In the past few months I’ve taken on cycling as a new hobby, and one of the services I have been using to track routes and mileage is a popular webapp known as MapMyRide. They actually have several services that are split up per activity including MapMyFitness, MapMyHike, MapMyWalk, and MapMyRun. Several colleagues have also joined me in recreational cycling, so one day I decided to plan out a route for us to use repeatedly. After the route was created using MapMyRide, I decided to give it the quirky name Tour de <’hackers”>. It would get a laugh out of any XSS hunters because most of us in application security would recognize it as a benign HTML tag that also checks for single and double quote attribute breaks.
Take a close look at the “Share via Tweet/Facebook/Email” section
Whelp, that’s awesome, I’ve now inadvertently done the number one thing an ethical pentester should never do, and that’s play “outside of the sandbox.” You see, companies that don’t have an extremely active security team don’t really distinguish between a security professional that may be using the application legitimately, or an actual intruder that’s digging for exploits. Those of us that are paid to ethically hack into web applications and services are normally protected by various legal documents as per the contract of said penetration tests. XSS isn’t really hard to find – and truthfully I’m quite annoyed with all of its hype – but to a company it really doesn’t matter how cool or complex the exploit is so long as it’s damaging in some fashion to the business or brand. This particular one is persistent and easily wormable. If anyone remembers using MySpace (I admit that I did and accept the shame for it) they might be familiar with the MySpace Samy Worm that infected around a million profiles in less than 24 hours. Samy Kamkar’s XSS injection made you friend request him and added a little text to your profile page that said “but most of all, samy is my hero.” Silly, right? Well, what’s not silly is that his home was raided and he ended up entering a felony plea agreement that involved three years probation without computer use.
Let’s look at the facts. I don’t know if the makers of MapMyRide have an intrusion detection system (IDS) in place or if anything has flagged internally on this input. A quick Google search doesn’t reveal anything about them participating in Bug Bounties or Responsible Disclosure. I also did this on an account that is quite visibly linked to my personal Facebook account, so there’s a first and last name right there. All I can do now is approach them with what I’ve found, state my case and my intent, and hope that they seem me as a “do-good” individual that wants to ethically disclose the issue.

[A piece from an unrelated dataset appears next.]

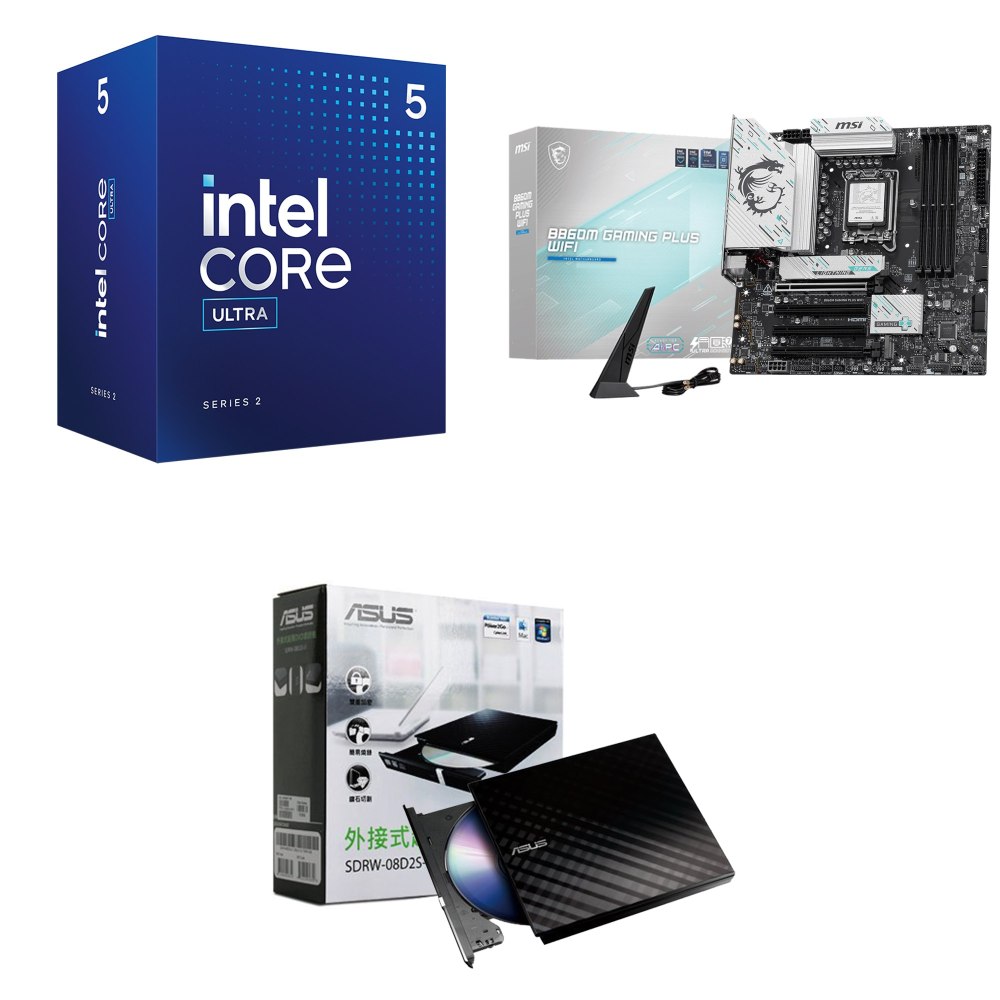 ☆裝機配★ Core U5 225+微星 B860M GAMING PLUS WIFI D5 MATX主機板+華碩 SDRW-08D2S-U 外接式燒錄機《黑》

I hunted down a MapMyRide co-owner’s Twitter handle through LinkedIn, who then referred me to their VP of Engineering, Jesse Demmel. Now I can’t just email him saying that I was able to break the HTML document because that might not warrant enough attention. I’m going to have to send them an actual proof of concept and cause more injections to go through. Thankfully (open to interpretation) there wasn’t any input validation in place at all and we could call the cookies easily with <svg/onload=alert(document.cookies)>. Voilà.
Then things started getting a bit more interesting. I realized that the other domains shared this exact same template. This injection isn’t only persistent on mapmyride.com, but on the other four as well!
So, if I were to actually exploit this across all five domains from one entry point, how many people would I affect?
Here are some WolframAlpha statistics:
Sorry I didn’t get back to you sooner as I was traveling. Thanks for the details. We take this very seriously and are actively working on a fix, which we hope to push live shortly.
We have escaping turned on in Django and are using the latest version. This will require a patch and we’re working through that today (and the weekend if necessary).
I really appreciate you bringing this to our attention. We have gone through security audits in the past and have another scheduled soon.
The moral of this story: If you’re going to responsibly disclose I suggest the following things:
- Contact the highest person in the organization chain as possible initially. If you start by contacting someone like a customer support representative they may have no idea what you’re talking about. I’ve reported a bug once before and my first contact thought I was talking about spelling/grammar mistakes. This time I went straight to the co-owner.
- Don’t threaten with blog posts or say “I’ve reached out to Gawker, HuffingtonPost, or Threatpost and they’re ready to run this story, whatcha gonna do to fix it?” You’ll look like the enemy really quick and won’t be doing yourself any favors.
- Don’t ask for a reward. There’s a simple word for this: extortion.
- Simply make your intentions known. Know how to spot XSS, SQLi, or RCE by casually browsing an application that you use personally? You’re one-in-a-million (quite literally). Use your knowledge not only to report the problem, but also to tell them how they can fix it in case they are unaware. Intentions and thoughtfulness will go the longest for you in these regards.
- If you’re going to blog about it, like I’m doing here, wait until the issue is fixed and no longer exploitable (at least by the same attack vector). Asking for permission is wise as well, so that they can coordinate a release statement at the same time. Again, work with them, not against them.